| The task |
In the entries that follow, repeat exactly the lines from the one that has "Kim Rogers Black" through the one that has "Estate 14 Karat", but omit pictures.

| Excerpted records |

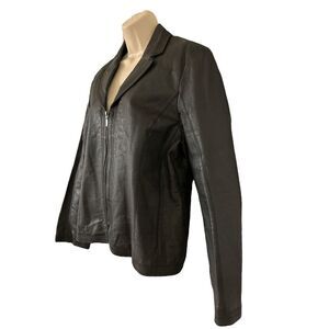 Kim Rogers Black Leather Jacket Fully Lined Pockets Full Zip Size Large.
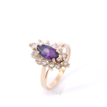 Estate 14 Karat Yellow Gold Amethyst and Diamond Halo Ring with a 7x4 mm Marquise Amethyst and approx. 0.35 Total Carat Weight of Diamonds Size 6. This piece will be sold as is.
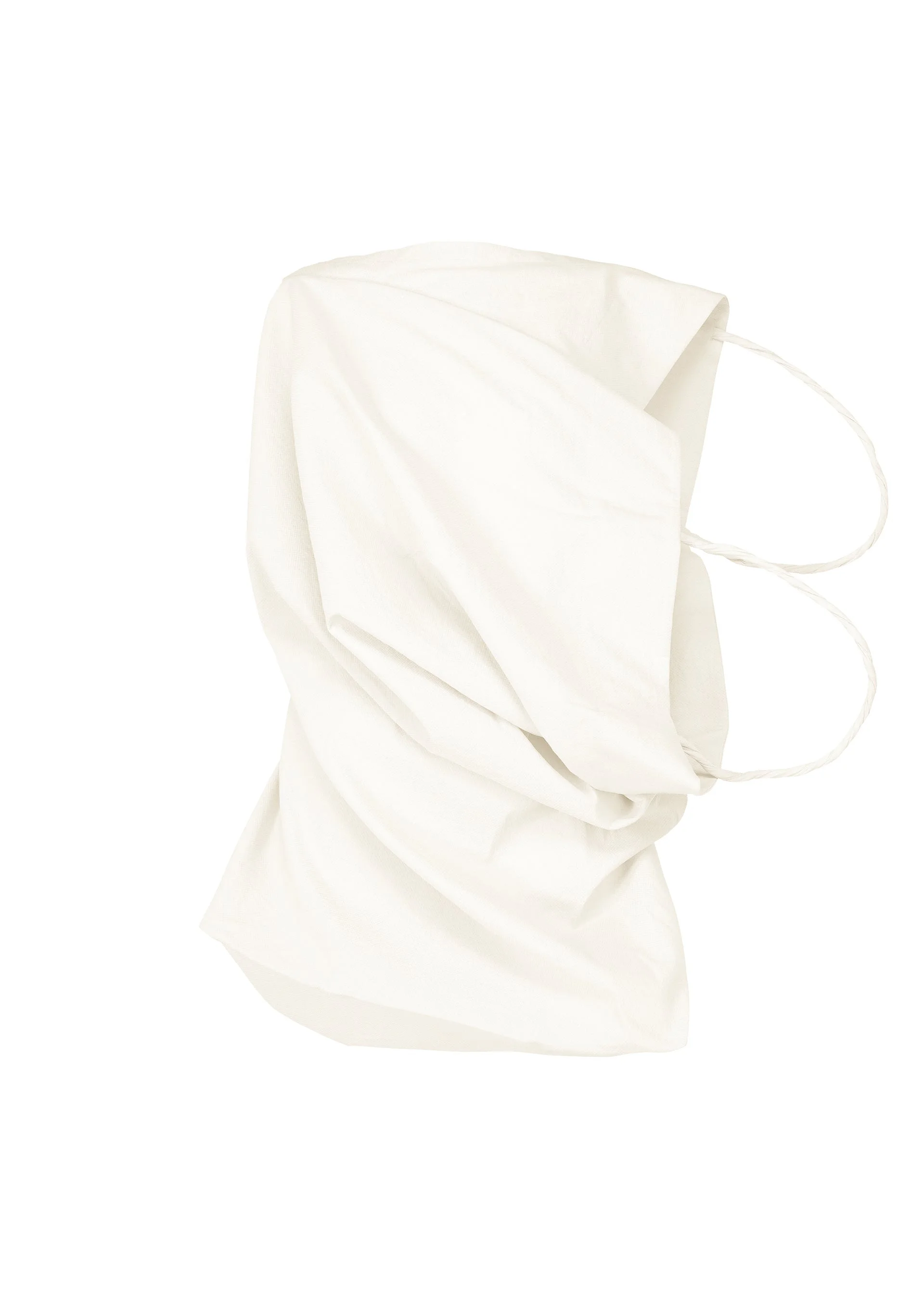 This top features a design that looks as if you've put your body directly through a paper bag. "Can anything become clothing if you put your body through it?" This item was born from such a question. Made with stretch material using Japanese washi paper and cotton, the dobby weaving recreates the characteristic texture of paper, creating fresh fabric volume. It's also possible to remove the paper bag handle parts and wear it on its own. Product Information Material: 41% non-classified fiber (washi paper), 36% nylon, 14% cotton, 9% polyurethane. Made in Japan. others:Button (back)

...

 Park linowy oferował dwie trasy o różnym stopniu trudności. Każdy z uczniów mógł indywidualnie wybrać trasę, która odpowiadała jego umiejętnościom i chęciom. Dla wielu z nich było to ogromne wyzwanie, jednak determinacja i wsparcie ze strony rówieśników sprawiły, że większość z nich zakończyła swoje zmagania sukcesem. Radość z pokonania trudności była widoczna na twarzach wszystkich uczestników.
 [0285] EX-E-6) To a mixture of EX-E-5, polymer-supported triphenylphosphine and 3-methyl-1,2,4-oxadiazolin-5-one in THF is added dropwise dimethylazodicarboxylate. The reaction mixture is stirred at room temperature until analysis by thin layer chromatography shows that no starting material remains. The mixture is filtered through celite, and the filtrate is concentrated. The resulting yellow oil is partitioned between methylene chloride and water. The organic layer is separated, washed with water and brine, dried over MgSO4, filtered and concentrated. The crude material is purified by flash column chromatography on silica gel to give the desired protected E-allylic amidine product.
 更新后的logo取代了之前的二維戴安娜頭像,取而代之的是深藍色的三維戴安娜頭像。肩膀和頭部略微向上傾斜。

| Task answer |
 Kim Rogers Black Leather Jacket Fully Lined Pockets Full Zip Size Large.
 Estate 14 Karat Yellow Gold Amethyst and Diamond Halo Ring with a 7x4 mm Marquise Amethyst and approx. 0.35 Total Carat Weight of Diamonds Size 6. This piece will be sold as is.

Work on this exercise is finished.